The first course was laid before them. A delicate, cold summer soup of fresh, pureed fruits and sweet nectar. Into the thin crystal flutes beside their plates, a crisply dressed servant poured sparkling golden wine.
She ignored both soup and sparkling wine and scowled at him. “Even though you won the right, there’s no point in you bothering to court me,” she told him bluntly. “It won’t do you any good. I won’t marry you.”
“And yet, still, court you I shall. As provided for in my contract with your sister.”
“You’re just wasting both our time and squandering the opportunity you say you paid for so dearly. If you truly want a Season for your liana, you should concentrate your efforts on Spring or Autumn. They at least like you.” She glared at him and added pointedly, “I don’t.”
He
wondered if she really thought that scowl of hers would frighten him off?
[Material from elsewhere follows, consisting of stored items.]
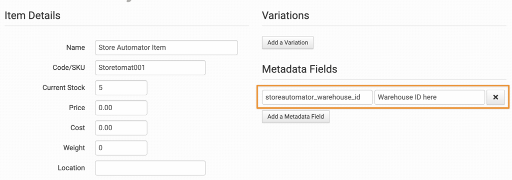 Head to your Inventory Items page and find the item you need. Within that item page, add a metadata field called storeautomator_warehouse_id and set the value to your preferred warehouse ID.
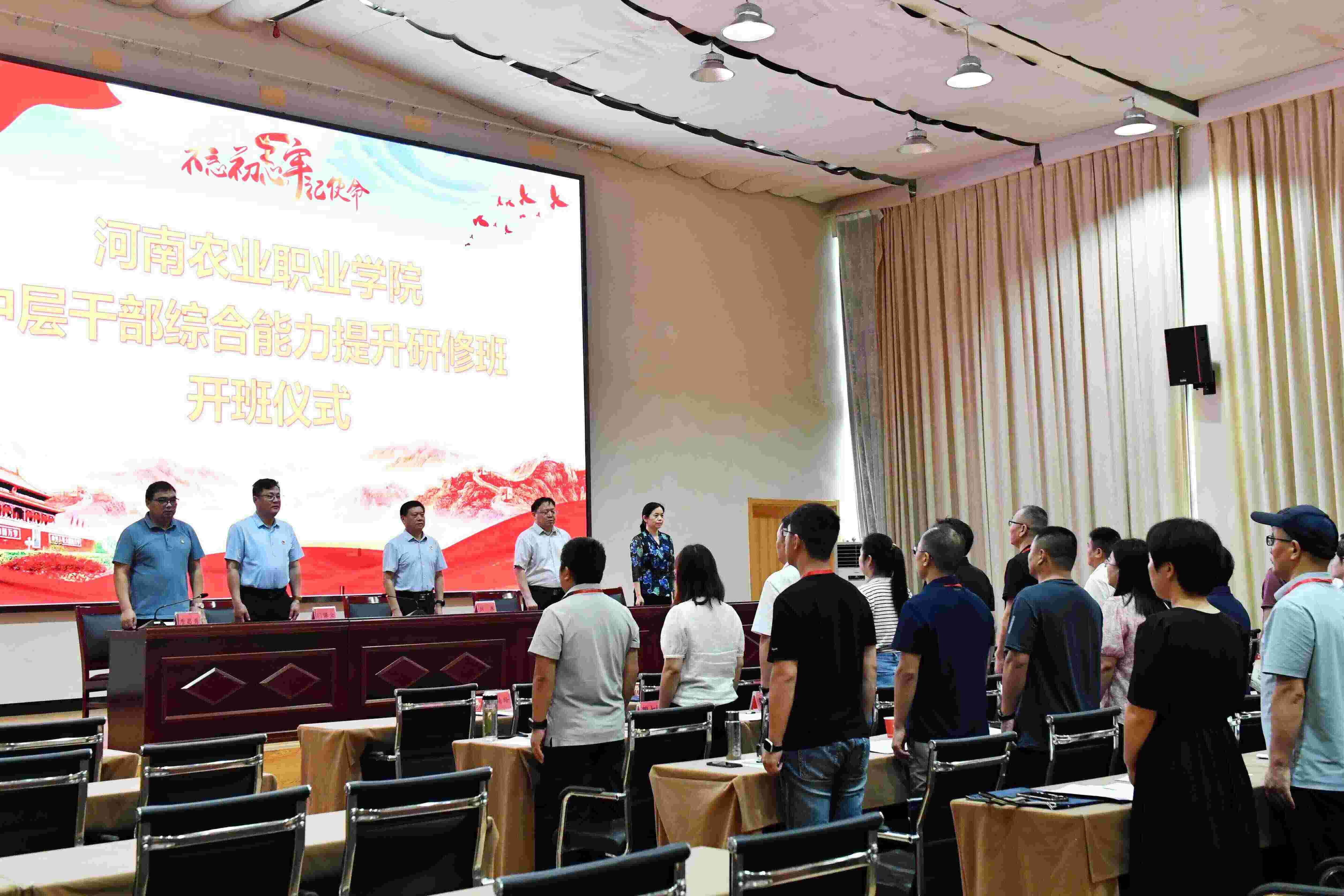 为进一步加强学院中层干部队伍建设,提升学院中层干部综合能力,7月16日至22日,7月23日至29日,河南农业职业学院在大别山干部学院固始教学基地举办了两期中层干部综合能力提升研修班。此次研修内容分为理论讲座与现场教学两部分。学院党委书记刘源,党委副书记、院长刘荣宁带队参训。在开班仪式上,大别山干部学院固始教学基地院长詹昌勇致欢迎辞,全体起立奏唱中华人民共和国国歌,随后进行了授旗仪式。
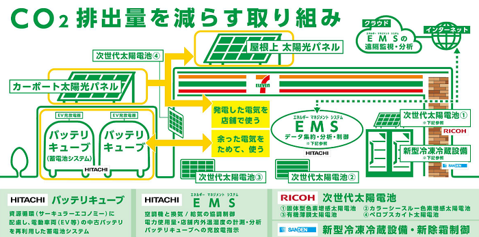 株式会社セブン‐イレブン・ジャパン(社長:永松 文彦)は、株式会社日立製作所(社長:小島啓二)、株式会社リコー(社長:大山 晃)、サンデン・リテールシステム株式会社(社長:森 益哉)と連携し、各社の持つ先進技術を集め、更なる省エネ、創エネと蓄電の取り組みの進化を目指した環境負荷低減店舗の実証実験を、「セブン‐イレブン三郷彦成2丁目店」にて本格スタートいたしました。
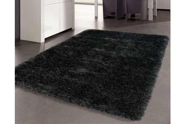 Moderní koberec z kolekce Shaggy Glossy v antracitové barvě s dlouhým vlasem má lurexové vlákno, které přidává koberci lesklý stříbrný efekt. Tento koberec je trendy a vytvoří luxusní efekt v každé domácnosti. Rozměr 80×150 cm.
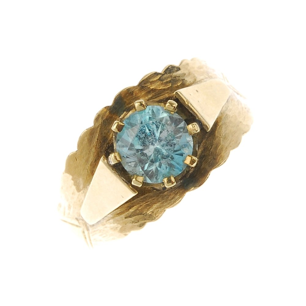 A zircon single-stone dress ring. The circular-shape
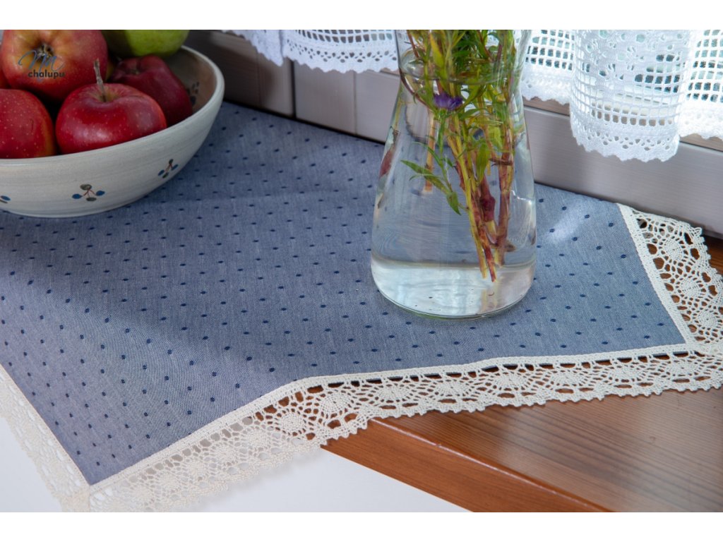 Napron s vytkaným puntíkovým vzorem přináší čistý, tradiční motiv, který působí přirozeně a nadčasově. Celý okraj je olemovaný širší, výraznou režnou krajkou, která dodá stolování jemný venkovský šarm a krásně vynikne i na zdobeném stole.
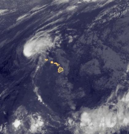 Auf dem Satellitenbild ist der tropische Sturm 'Neki' erkennbar, der Hawaii passiert hat und weiter in den Nordostpazifik zieht. In seinem Bereich werden noch immer Windgeschwindigkeiten von 120 km/h erreicht.
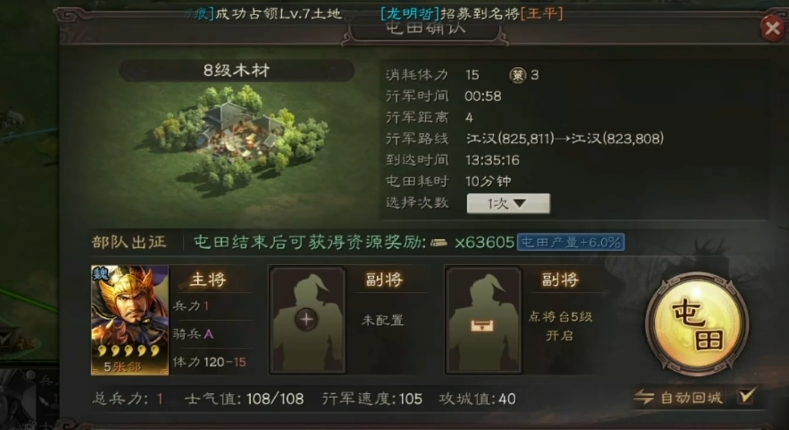 新手保护期是降低战损的最佳时机,48小时内武将体力消耗减半、占领土地时间缩短,且遗忘战法可全额返还战法点。应优先攻打高级资源地并快速练级,但需注意土地难度梯度。例如双武将8级可挑战3级地,13级尝试4级地,而5级地需20级且兵力超过6000。屯田功能开启后,优先选择石料等高需求资源,并尽量在等级最高的土地上执行以最大化收益。

That he would take her declared—and utterly false—distaste for him as anything but a challenge. For a moment, he was tempted to tell her how beautiful—how utterly enchanting—he found her when she was angry. But if he told her how much he appreciated her temper, she would try to stifle it. The last thing he wanted from her was that serene mask she wore around everyone else.
So instead, he smiled calmly into her flame-blue eyes and said, “Remember, moa kiri, the price for every lie is an intimacy of my choosing.” But instead of pressing for another kiss, he said, “Try the soup, shishi. The chef let me sample it earlier in the week. It’s like nothing I’ve ever tasted before. A sweet dream for the tongue.” He lifted his own spoon to his mouth and closed his eyes on a hum of pleasure. “Even better than I remember. I’m serious, Gabriella, you must try this.” Just to tease her a little and make those eyes flash some more, he refilled his spoon and held it up to her lips in an intimate demand that she give it a taste.
He had underestimated just how close to erupting the dormant volcano of her temper really was.
She slapped at his hand, sending soup splattering across the pristine tablecloth and his spoon clattering to the paving stones.
“I’m not interested in the soup! And you can take that contract with my sister and shove it up your—” Gabriella broke off the rest of her vulgar command, threw her napkin on the table and started to rise. She was done with Dilys Merimydion. So done.
Dilys’s hand shot out to catch her wrist. She let out a curdled scream of fury between clenched teeth and went to yank her hand from his grip.
The look on his face made her freeze in her tracks.